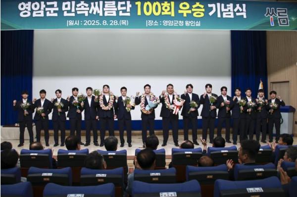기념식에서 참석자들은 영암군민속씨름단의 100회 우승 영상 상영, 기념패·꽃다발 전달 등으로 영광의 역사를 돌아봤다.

...

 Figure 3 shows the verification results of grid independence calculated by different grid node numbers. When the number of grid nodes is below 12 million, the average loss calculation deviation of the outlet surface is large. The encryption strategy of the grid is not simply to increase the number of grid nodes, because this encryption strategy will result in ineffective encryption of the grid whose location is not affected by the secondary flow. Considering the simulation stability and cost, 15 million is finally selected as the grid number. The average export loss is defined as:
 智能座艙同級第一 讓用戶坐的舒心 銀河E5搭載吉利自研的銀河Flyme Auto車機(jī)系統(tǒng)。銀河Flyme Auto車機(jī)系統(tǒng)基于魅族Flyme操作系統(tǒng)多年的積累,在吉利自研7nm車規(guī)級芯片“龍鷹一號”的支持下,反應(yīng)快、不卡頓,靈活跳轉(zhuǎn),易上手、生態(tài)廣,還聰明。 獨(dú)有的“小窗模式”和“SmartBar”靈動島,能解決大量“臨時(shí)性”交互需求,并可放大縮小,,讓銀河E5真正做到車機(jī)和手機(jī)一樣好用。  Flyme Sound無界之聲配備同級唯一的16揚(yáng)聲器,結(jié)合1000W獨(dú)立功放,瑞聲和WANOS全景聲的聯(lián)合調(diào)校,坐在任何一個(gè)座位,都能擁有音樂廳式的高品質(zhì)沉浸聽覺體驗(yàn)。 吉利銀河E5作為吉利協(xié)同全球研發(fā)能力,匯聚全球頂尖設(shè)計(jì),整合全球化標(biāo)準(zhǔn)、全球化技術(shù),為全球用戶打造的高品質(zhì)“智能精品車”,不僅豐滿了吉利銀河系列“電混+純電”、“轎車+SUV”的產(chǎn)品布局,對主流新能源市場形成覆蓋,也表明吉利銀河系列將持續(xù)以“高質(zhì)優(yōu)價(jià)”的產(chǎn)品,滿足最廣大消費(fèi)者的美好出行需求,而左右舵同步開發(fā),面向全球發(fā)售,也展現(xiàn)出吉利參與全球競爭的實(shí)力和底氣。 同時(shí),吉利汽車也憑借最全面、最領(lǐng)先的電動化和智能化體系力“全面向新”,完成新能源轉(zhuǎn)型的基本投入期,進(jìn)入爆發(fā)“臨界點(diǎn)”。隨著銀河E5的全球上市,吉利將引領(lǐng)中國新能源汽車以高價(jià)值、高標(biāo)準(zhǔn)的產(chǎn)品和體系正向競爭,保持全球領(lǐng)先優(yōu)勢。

What you will do: Starting at the line that has "Figure 3 shows" in the records above, restate word for word every line until the one that has "智能座艙同級第一 讓用戶坐的舒心 銀河E5搭載吉利自研的銀河Flyme", and include that one as well.

Solution for this exercise:
 Figure 3 shows the verification results of grid independence calculated by different grid node numbers. When the number of grid nodes is below 12 million, the average loss calculation deviation of the outlet surface is large. The encryption strategy of the grid is not simply to increase the number of grid nodes, because this encryption strategy will result in ineffective encryption of the grid whose location is not affected by the secondary flow. Considering the simulation stability and cost, 15 million is finally selected as the grid number. The average export loss is defined as:
 智能座艙同級第一 讓用戶坐的舒心 銀河E5搭載吉利自研的銀河Flyme Auto車機(jī)系統(tǒng)。銀河Flyme Auto車機(jī)系統(tǒng)基于魅族Flyme操作系統(tǒng)多年的積累,在吉利自研7nm車規(guī)級芯片“龍鷹一號”的支持下,反應(yīng)快、不卡頓,靈活跳轉(zhuǎn),易上手、生態(tài)廣,還聰明。 獨(dú)有的“小窗模式”和“SmartBar”靈動島,能解決大量“臨時(shí)性”交互需求,并可放大縮小,,讓銀河E5真正做到車機(jī)和手機(jī)一樣好用。  Flyme Sound無界之聲配備同級唯一的16揚(yáng)聲器,結(jié)合1000W獨(dú)立功放,瑞聲和WANOS全景聲的聯(lián)合調(diào)校,坐在任何一個(gè)座位,都能擁有音樂廳式的高品質(zhì)沉浸聽覺體驗(yàn)。 吉利銀河E5作為吉利協(xié)同全球研發(fā)能力,匯聚全球頂尖設(shè)計(jì),整合全球化標(biāo)準(zhǔn)、全球化技術(shù),為全球用戶打造的高品質(zhì)“智能精品車”,不僅豐滿了吉利銀河系列“電混+純電”、“轎車+SUV”的產(chǎn)品布局,對主流新能源市場形成覆蓋,也表明吉利銀河系列將持續(xù)以“高質(zhì)優(yōu)價(jià)”的產(chǎn)品,滿足最廣大消費(fèi)者的美好出行需求,而左右舵同步開發(fā),面向全球發(fā)售,也展現(xiàn)出吉利參與全球競爭的實(shí)力和底氣。 同時(shí),吉利汽車也憑借最全面、最領(lǐng)先的電動化和智能化體系力“全面向新”,完成新能源轉(zhuǎn)型的基本投入期,進(jìn)入爆發(fā)“臨界點(diǎn)”。隨著銀河E5的全球上市,吉利將引領(lǐng)中國新能源汽車以高價(jià)值、高標(biāo)準(zhǔn)的產(chǎn)品和體系正向競爭,保持全球領(lǐng)先優(yōu)勢。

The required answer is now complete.